Kelly saiu do mercado já escuro, o uniforme ainda cheirando a pão de forma e sabão. Matheus a esperava no estacionamento quase vazio, encostado no carro dele com o celular na mão. Ela achou que era só mais uma conversa sobre o caderno. O que ela ainda não sabia era que a gravação que ele guardava mudaria o rumo daquela noite.
O celular rachado no estacionamento
Matheus virou a tela na direção dela. A rachadura no meio não deixava ver direito, mas o áudio estava nítido. — Olha isso aqui, Kelly. Eu gravei sem querer umas semanas atrás, quando fiquei até tarde arrumando o estoque.

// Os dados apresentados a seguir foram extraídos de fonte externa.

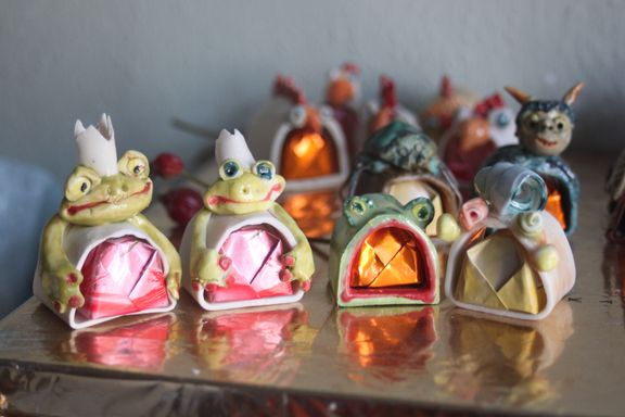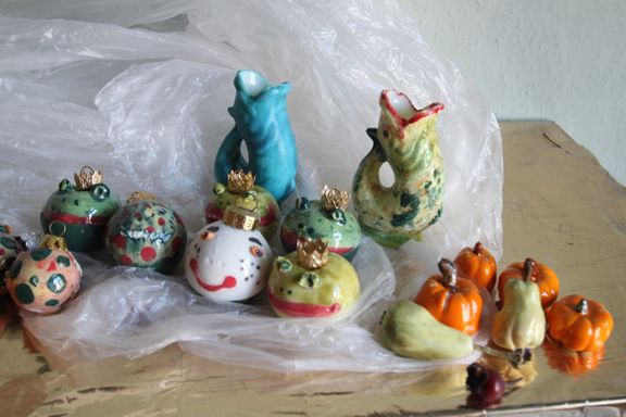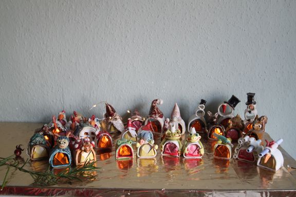Äpfel, komische Kugeln, die Weihnachtsgurke, Hagebutten, Findus, Maulwurf &co., winzige Häuschen, Zaubernüsse, Eicheln aus Porzellan
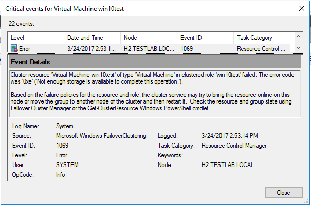 I wanted to write up a quick end of the week post that had me scratching my head for a bit in a Windows Server 2016 Hyper-V cluster lab I had built up. When powering up a virtual machine in the cluster, the virtual machine failed to start with the error Not enough storage is available to complete this operation. Well, of course the first thing I started taking a look at was the space available on my shared storage. However, it turned out to be something completely different.  Let’s take a look at the error with Windows Server 2016 Hyper-V Cluster Not Enough Storage Space Available.
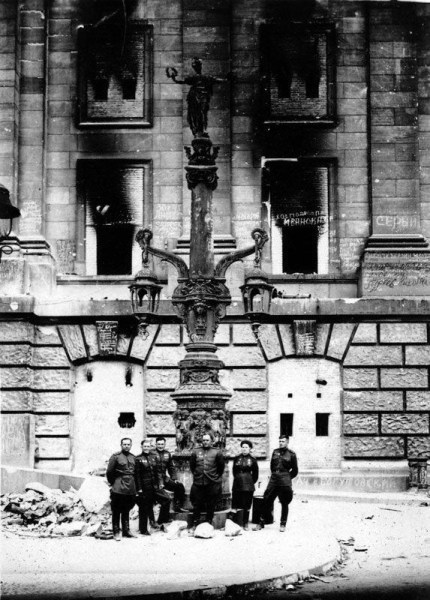 1945年4月26日清晨,在柏林上空,苏军数千架飞机再一次投下了成千上万吨的炸弹和汽油弹。在地上,平均每英里已部署到近千门的各种火炮集中射击。轰炸和射击结束后,朱可夫的白俄罗斯第1方面军派出无数个突击群和突击分队,从四面八方向市区突进。图为苏军攻入德国首相府。

Ela se aproximou, sentindo o frio do asfalto subir pelas pernas. O vídeo mostrava Valdir sozinho, abrindo o caixa principal depois do horário de fechamento. Ele contava notas, separava algumas e colocava no bolso da calça. Depois fechava a gaveta como se nada tivesse acontecido.
Eu falei que tinha visto
— Eu falei que tinha visto. Agora você também vai ver — disse Matheus baixo, quase pedindo desculpa. Kelly passou o vídeo de novo. O gerente sorria para a câmera vazia, como se soubesse que ninguém estava olhando.

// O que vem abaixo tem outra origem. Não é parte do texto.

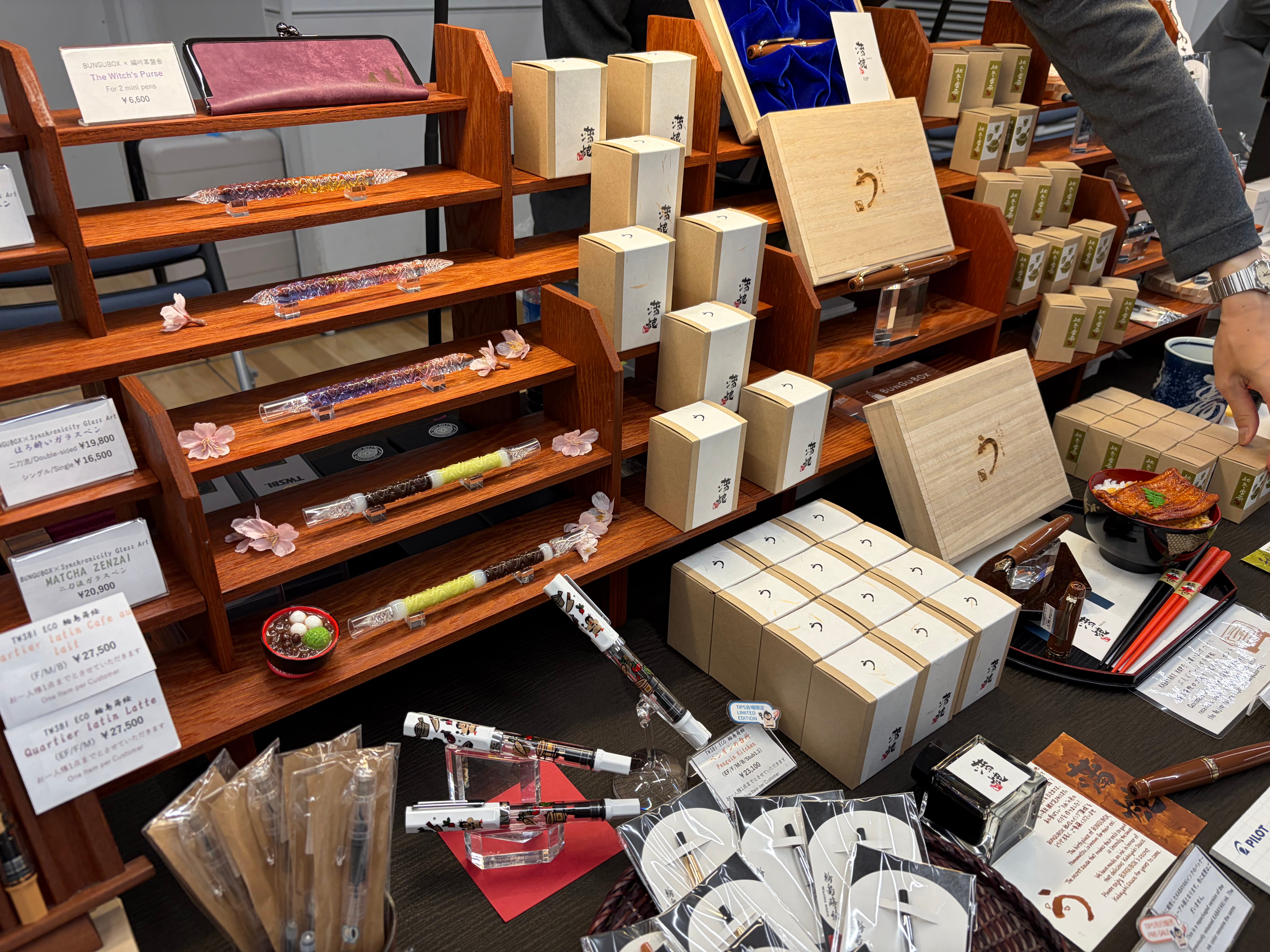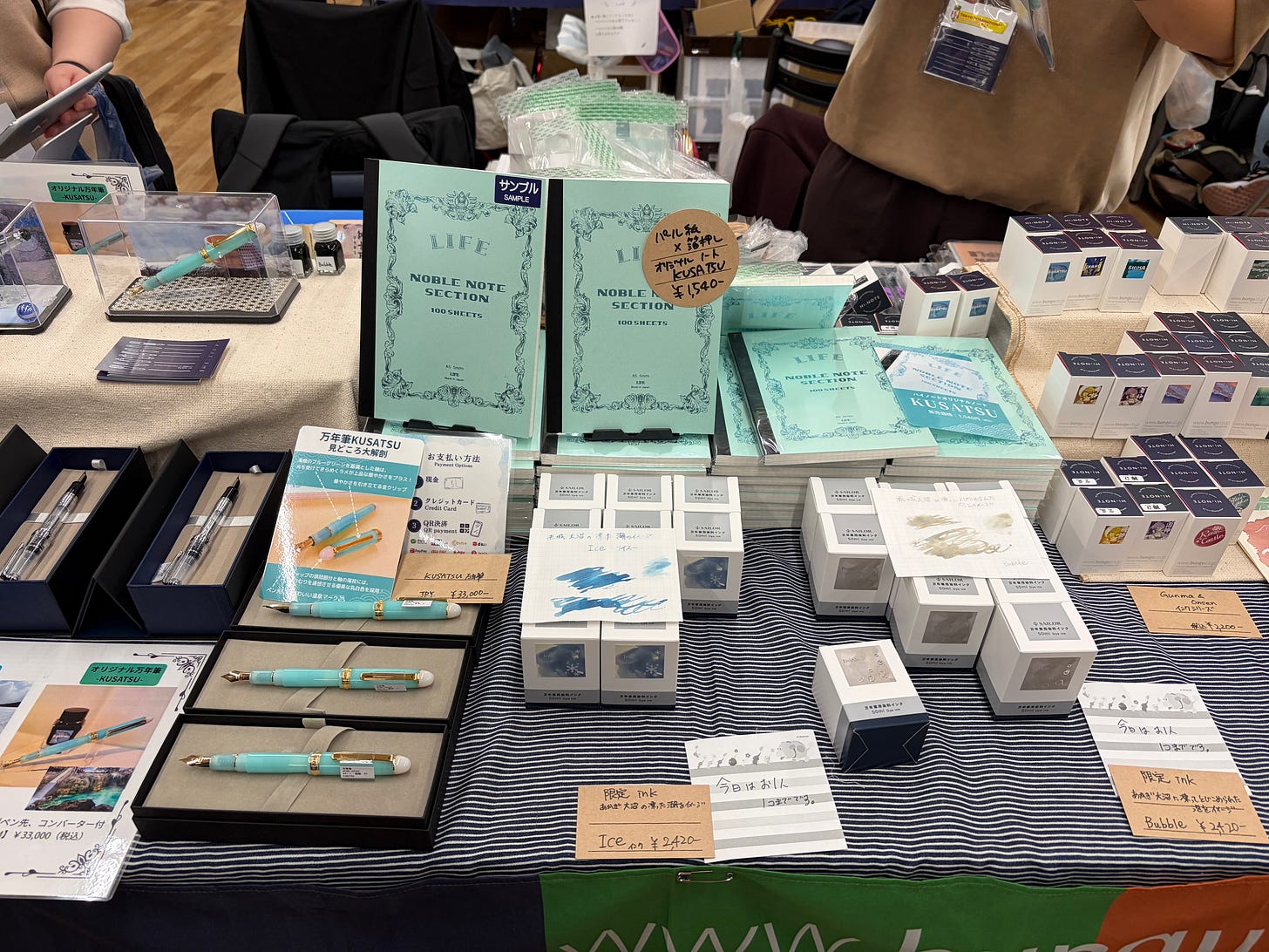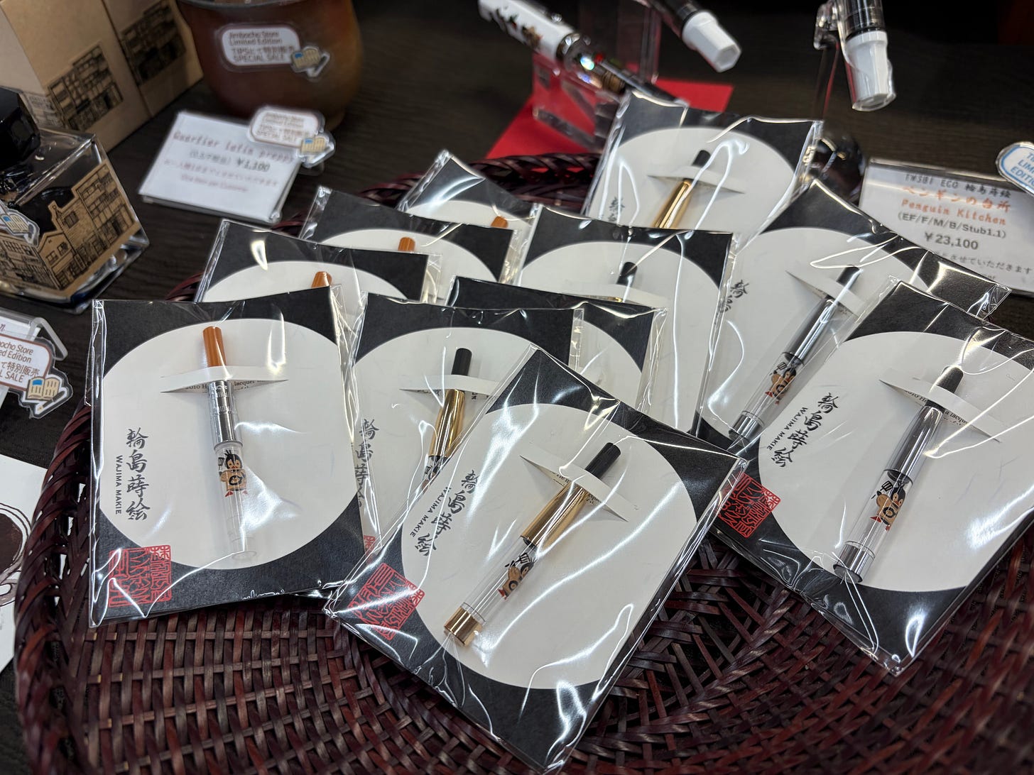 Kobayashi Bungukan was another stationery store I’ve always wanted to visit, based in Shizuoka. They brought an incredible selection of inks, featuring local food to hues inspired by traditional arts and literature. They even made an original series of gradient ink for Bechori, who’s known for his handwriting and calligraphy classes. I’ve been a huge fan of their store-exclusive pens, and in fact own quite a selection of their Sailor Pro Gear Slim Minis inspired by fruits and flora in the region. I started to admire a selection of Makie vanishing points, but forgot to circle back at the end of the show.

Ela sentiu o coração apertar. Se a gente mostrar isso agora, ele vai dizer que é montagem. Matheus balançou a cabeça. Ele queria mandar para o professor Henrique, queria que o vídeo virasse prova junto com o caderno. Mas Kelly sabia como Valdir trabalhava: uma gravação sem data ou testemunha podia virar motivo para demitir Matheus também.
Valdir já estava olhando
Enquanto discutiam se copiavam o arquivo ali mesmo, Matheus ergueu o olhar para o vidro do mercado. A luz da sala dos gerentes ainda estava acesa. Valdir estava parado perto da porta, braços cruzados, olhando direto para o carro deles. Não fez sinal. Só ficou ali, observando.

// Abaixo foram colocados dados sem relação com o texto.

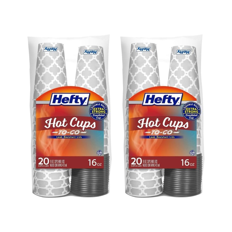 Hefty Disposable Hot Cups with Lids are made stylish and strong, with a patented double wall design to keep heat in so that your beverages stay hotter, longer. These disposable 16 ounce coffee cups with lids are perfect to take your tea or coffee on the go, and they fit in cup holders and most single-serve coffee machines. The leak-resistant lid helps prevent spills and leaks, so you don't have to worry about a mess during your busy day. The elegant gray and white lattice design makes these coffee cups an attractive and convenient choice; perfect for adding a touch of something special to your everyday. Start your morning Hefty strong with these paper coffee cups with lids.

Kelly guardou o celular na bolsa sem dizer nada. Os dois entraram no carro e saíram devagar. Nenhuma mensagem chegou no grupo do mercado naquela noite. Mas Matheus contou depois que, no dia seguinte, Valdir passou a perguntar onde ele tinha estado depois do expediente.
Na cozinha de casa, Dona Sônia lavava louça em silêncio. Kelly abriu o pote de moedas e viu a aliança velha no fundo, a que a mãe nunca usava mais. Ela entendeu no mesmo instante que o sacrifício não era só dela. Mais tarde, quando já estava deitada, Lucas Albuquerque mandou uma mensagem perguntando se podia conversar sobre o Bom Preço.